On January 3, Harold Ickes, an old friend and adviser from the 1992 campaign, had joined the administration as Deputy Chief of Staff. Bill had asked Harold, a sandy-haired, hyperkinetic lawyer, to coordinate the upcoming health care campaign. Within days he was diverted to organize a “Whitewater Response Team” composed of several senior advisers and members of the communications staff and counsel’s office. Harold was the best advocate to have in your corner during a fight. Like Kendall, he was a veteran of the civil rights movement in the South―in fact, Harold had been so badly beaten while organizing black voters in the Mississippi Delta that he had lost a kidney. Although he had spent most of his early life avoiding his legacy―at one point he worked breaking horses on a cattle ranch―he was the son of Harold Ickes, Sr., one of the most significant players in Franklin D. Roosevelt’s cabinet. Politics pumped through Harold’s veins, and the White House seemed to be his natural habitat.
Harold did his best to keep the Whitewater debate under control, but the turmoil continued in the West Wing. Each news story brought us closer to a fateful decision. The day after I returned to the White House from Hot Springs, Harold told me that he had reluctantly concluded we should request a special prosecutor.
On Tuesday evening, January 11, I arranged a conference call with Bill in Prague.
David Kendall and I met in the Oval Office with a handful of Bill’s top aides for a final debate on the issue.
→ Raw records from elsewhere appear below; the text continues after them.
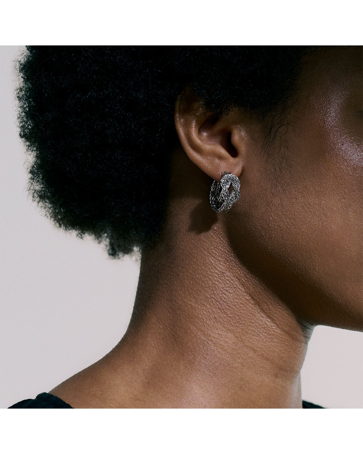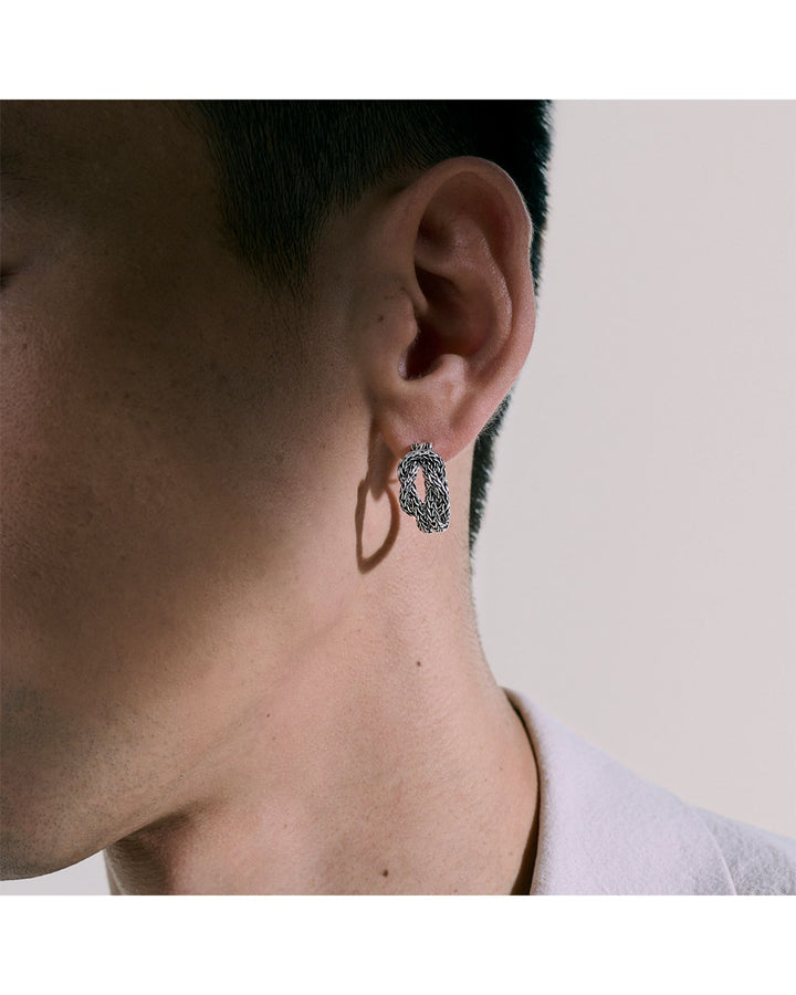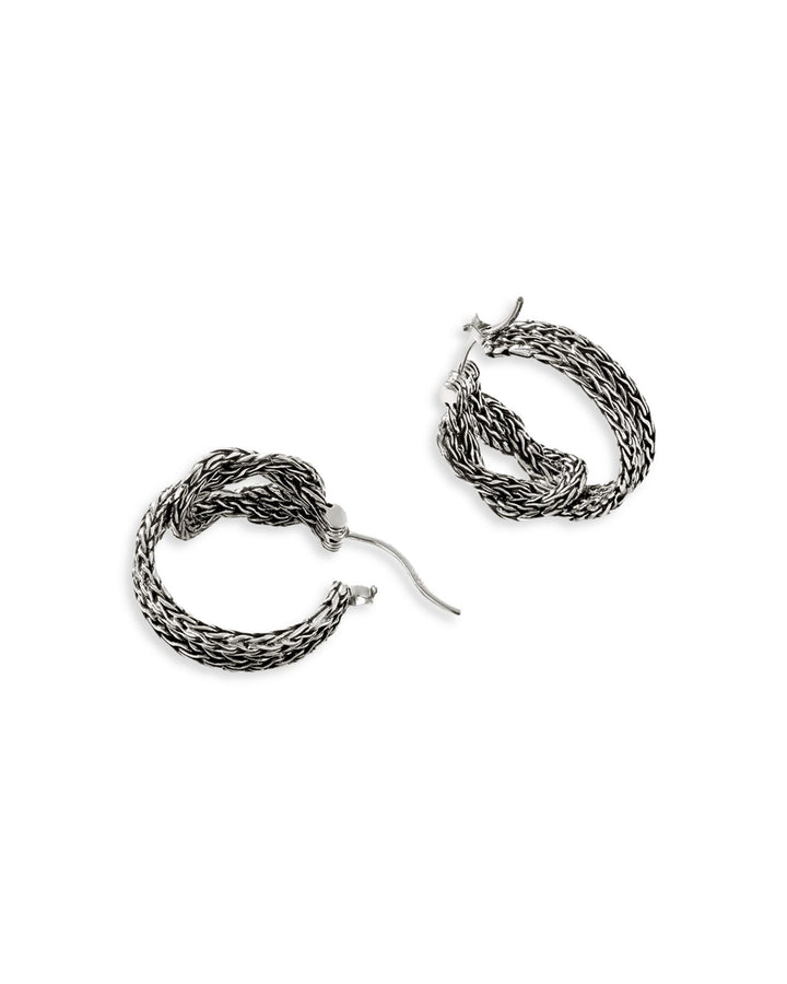 These Sterling Silver Classic Chain Love Knot Manah Small Hoop Earrings by John Hardy are a modern twist on classic hoops. The chic love knot detail adds a touch of refinement, making these earrings a versatile addition to your jewelry collection.
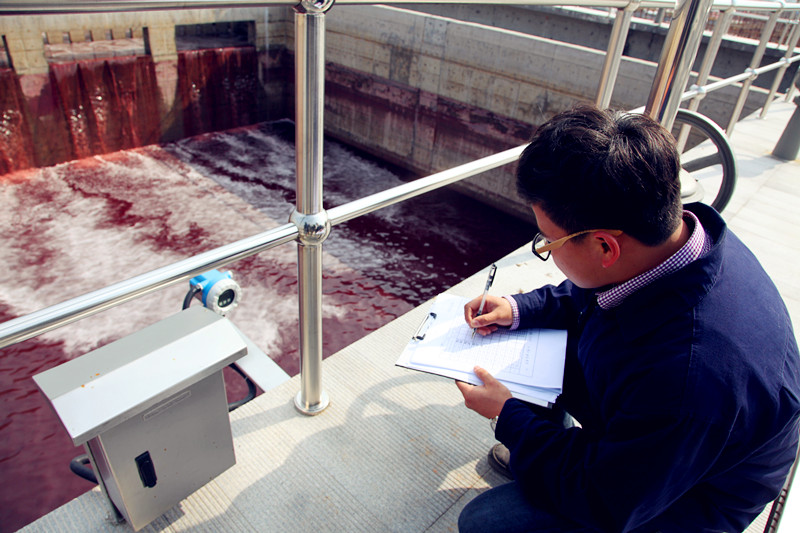 江濱水處理公司運行部工作人員抄進水流量
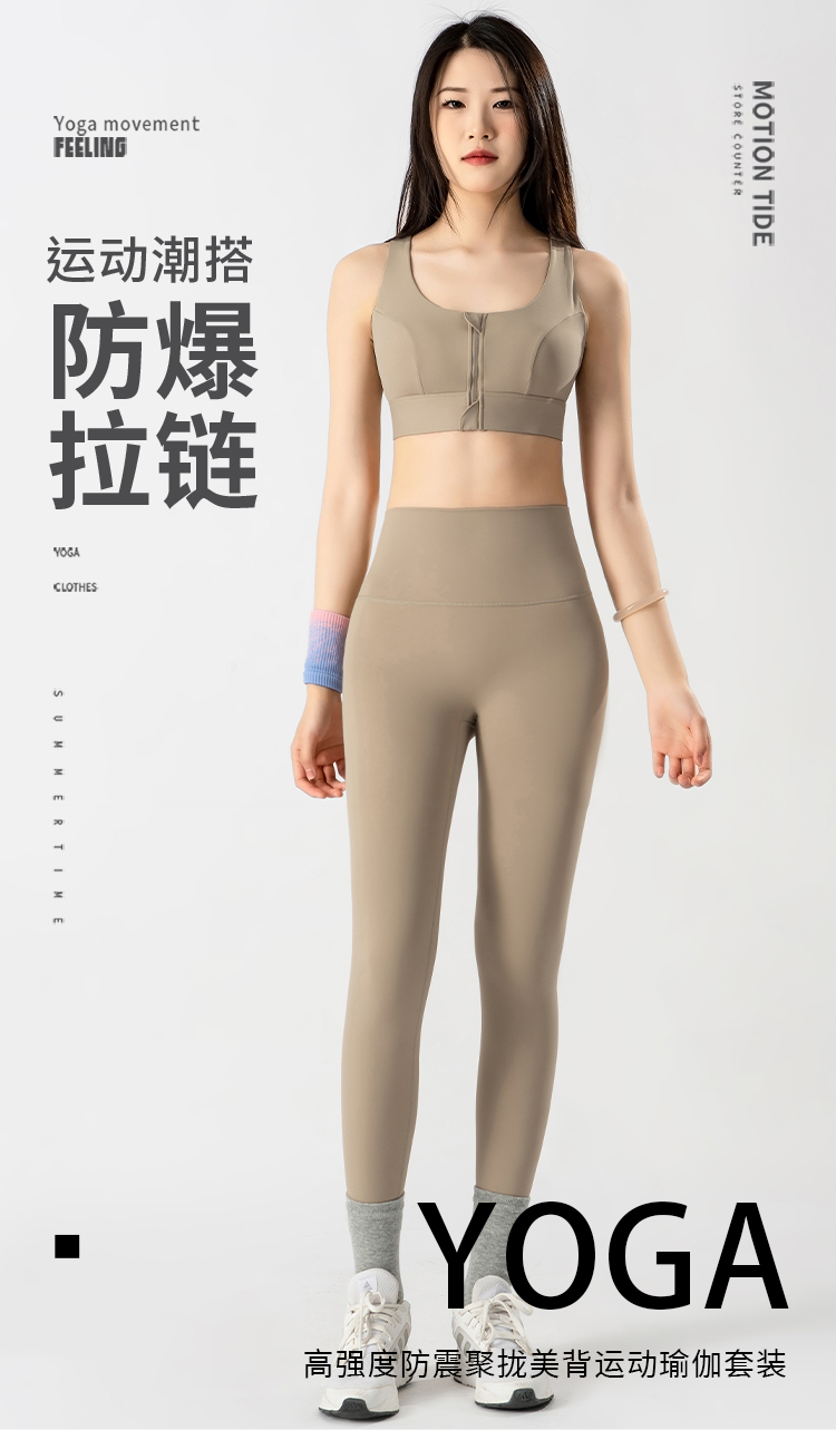 跃牌【蚂蚁运动】系列 一体式运动前拉链工字背心高腰提臀瑜伽裤女瑜伽套装X1347+K3338
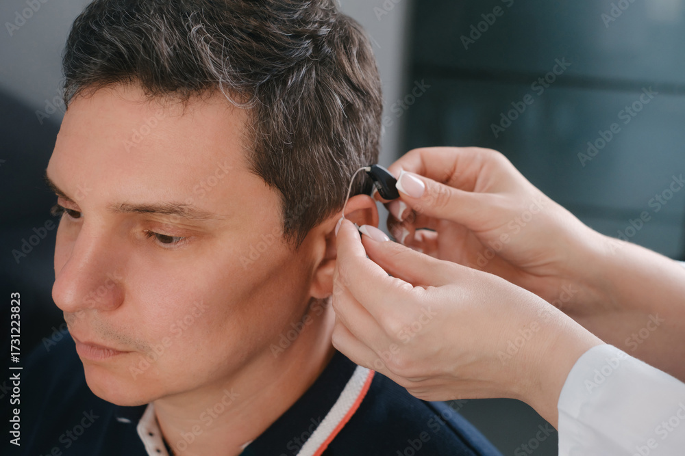 Audiologist fitting a behind-the-ear hearing aid for a man in his 40s during clinic visit. Modern small hearing device adjustment and personalized care in audiology practice
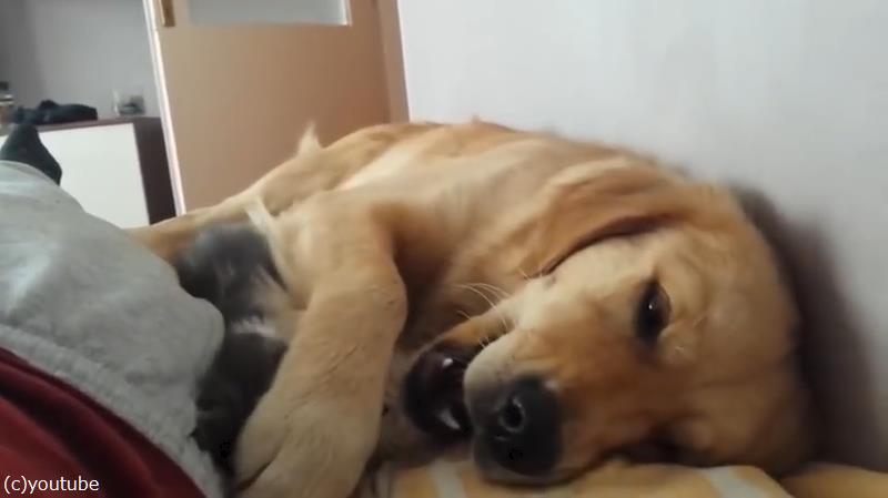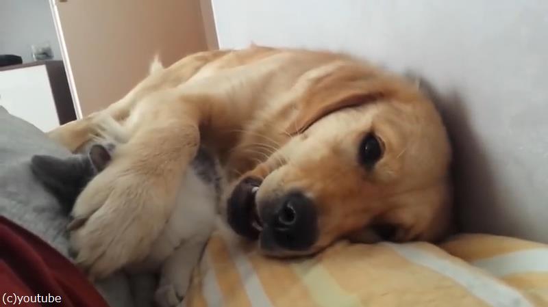ひとりで退屈な子猫は、遊び相手欲しさにお休み中の犬の口元にかぶりつきますが……。
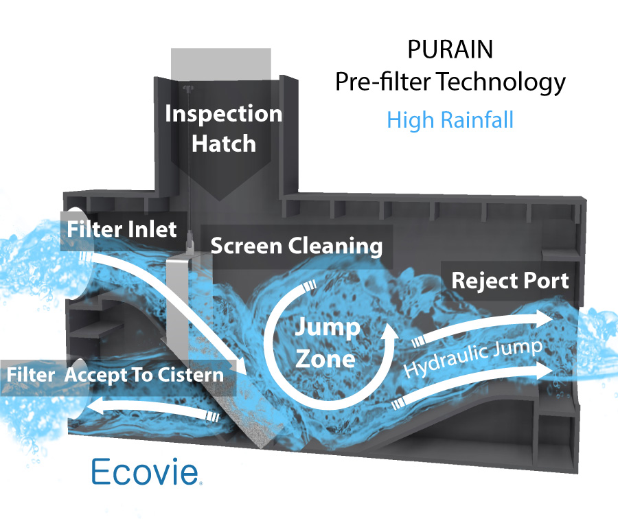 Hydraulic jump filters with self-cleaning technology for maximum rainwater capture.

The scene reminded me of a cartoon I had seen: A man stood in front of two doors, obviously trying to decide which one to enter. A sign above the first door said, “Damned if you do.” The other said, “Damned if you don’t.”
It was the middle of the night in Europe. Bill was worn out and exasperated after days of hearing nothing but Whitewater questions from the media. He was also heartbroken about losing his mother, the one steady presence throughout his life and his chief cheerleader, offering unconditional love and support. I felt sorry for him and wished that he didn’t have to deal with such a crucial decision under these circumstances. He was terribly hoarse, and we had to lean in close to the black, batwing-shaped conference phone to hear his voice.